Meluruskan Persepsi Publik
Prof Hermawan, yang juga merupakan penulis buku tersebut, menyatakan bahwa buku ini ditulis untuk mengoreksi persepsi publik yang dinilainya keliru mengenai sejumlah kebijakan Kapolri. Salah satu persepsi yang disorot adalah anggapan adanya insubordinasi terhadap Presiden.
“Ada mispersepsi bahwa semua ini seolah diorkestrasi dan Kapolri dianggap membangkang Presiden. Itu keliru. Tim Reformasi Polri sudah dibentuk jauh sebelum ada keputusan pemerintah. Polri bagian dari pemerintah,” ujar Prof Hermawan dalam acara tersebut.
Analisis Keputusan Strategis dan Taktis
Lebih lanjut, Prof Hermawan menjelaskan bahwa buku ‘Alter Ego Listyo Sigit Presisi’ juga mengulas berbagai keputusan strategis dan taktis yang diambil oleh Jenderal Sigit, terutama dalam menghadapi situasi sulit dan penanganan kasus-kasus besar yang berpotensi memengaruhi institusi Polri.
“Bagaimana seorang Kapolri harus mengambil keputusan sulit untuk menyelamatkan institusi, itu tidak mudah. Buku ini tidak untuk memuji, tapi untuk mendudukkan keputusannya secara proporsional,” tuturnya.
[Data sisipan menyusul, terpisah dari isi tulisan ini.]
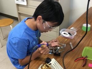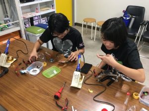この講座は中学生を対象とし,スマートフォン等に接続できる紙コップを利用したアンプ内蔵スピーカーを製作しました.講座の中では,初めて扱うはんだごてと細かい電子部品のはんだ付けに苦戦しつつも熱心に取り組む姿がとても印象的でした.講習後には全員がスピーカーを完成することができ,自分の手で作ったスピーカーから音が出た瞬間は笑顔いっぱいで達成感に満ちているようでした.本講座を通して,ものづくりの面白さや工学分野への興味・関心の向上につながる良い経験となり,受講生の今後の進路選択への一つの材料になればと思います.

Prof Hermawan juga menyoroti ketegasan Jenderal Sigit yang terkadang disalahartikan sebagai sikap membangkang. Menurutnya, ketegasan tersebut perlu dipahami dalam konteks yang tepat.
“Kapolri juga bisa tegas. Ketegasan itu bukan pembangkangan. Pembangkangan baru terjadi jika Presiden sudah memutuskan A, lalu Kapolri mengatakan B,” tegasnya.
Polri dalam Konteks Demokrasi
Dalam kesempatan yang sama, Mantan Kalemdiklat Polri Komjen Chryshnanda Dwilaksana menekankan pentingnya pemahaman terhadap konteks demokrasi dalam melihat posisi Polri sebagai polisi sipil.
“Polisi adalah polisi sipil dalam negara demokrasi. Polisi demokratis menjalankan supremasi hukum, menjamin hak asasi manusia, serta bekerja secara transparan dan akuntabel,” kata Komjen Chryshnanda.
Ia menambahkan bahwa reformasi Polri merupakan sebuah proses yang berkelanjutan dan harus selalu ditempatkan dalam kerangka dialog yang demokratis.
“Kalau kita negara demokrasi, berarti ada ruang dialog dan diskusi. Peganglah demokrasi itu dengan baik dan benar,” pungkasnya.